A random input vector is drawn from the ResVAE latent space representation and is input into the trained ResVAE decoder. This latter outputs a synthetic leaf skeleton, which in turn is fed into the trained generator of the Pix2Pix and translated into a corresponding colorized leaf.

https://doi.org/10.1371/journal.pone.0276972.g004

Results

The proposed technique can be employed to generate as many synthetic leaf images as the user requires. The model has been implemented with Keras. The code and data for this project are available on GitHub at https://github.com/AleBenfe/Leaf2Leaf. Upon generation of the synthetic images, their quality is assessed performing both qualitative (visual) and quantitative evaluations as detailed here below.

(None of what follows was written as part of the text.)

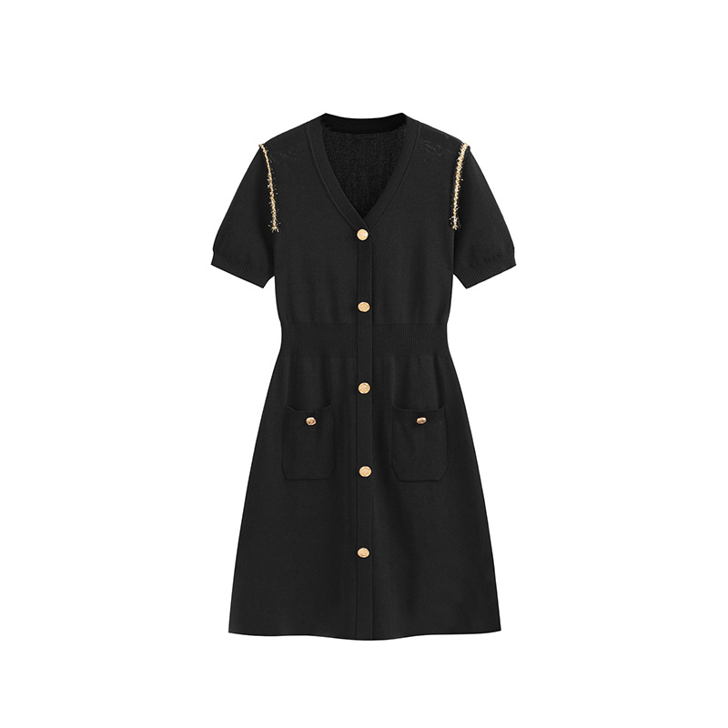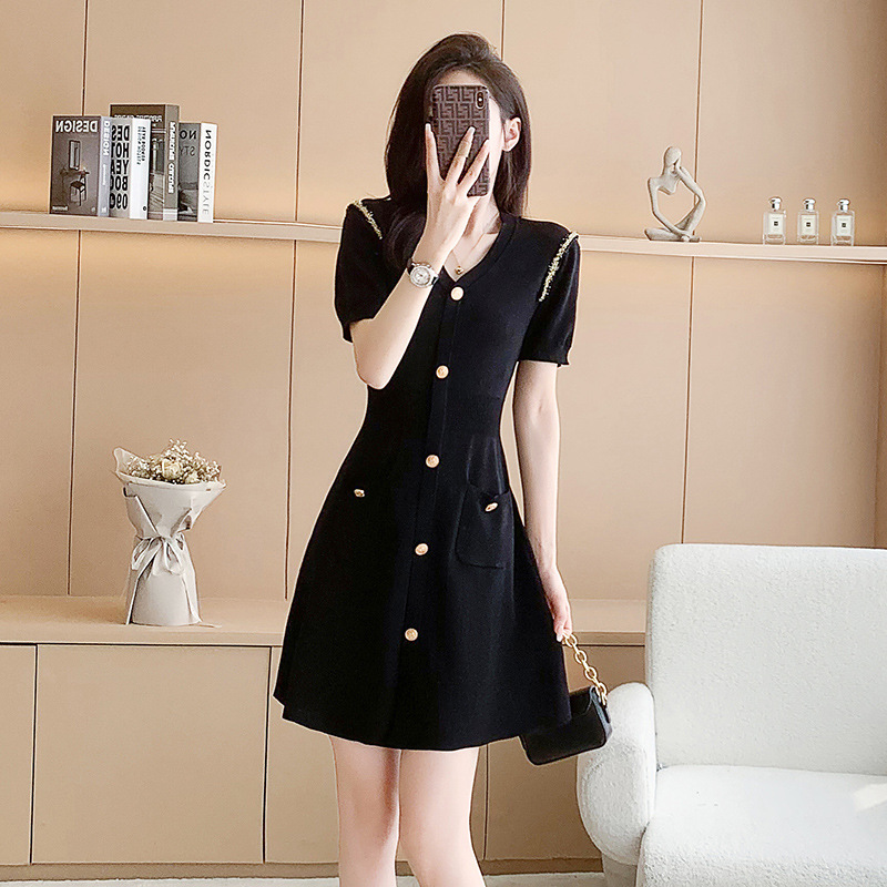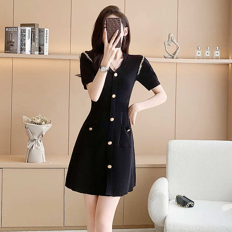 小香风小黑裙女夏季赫本风十三行女装短袖A字冰丝针织连衣裙

Visual qualitative evaluation

Consistency test.

Beforehand, we have evaluated the consistency of the methodology by verifying that the net has learned to translate a leaf sample comprised in the training set into itself.

Translation from unseen real companion skeleton.

We verify that it is able to produce reliable synthetic images using skeletons obtained from leaves that are not part of the training dataset. Fig 5 shows an instance of colorized leaf obtained from this test: the overall quality is highly reliable, except for small vein discoloration and a small blurring effect, which is a well–known product of AEs employed in image generation [29].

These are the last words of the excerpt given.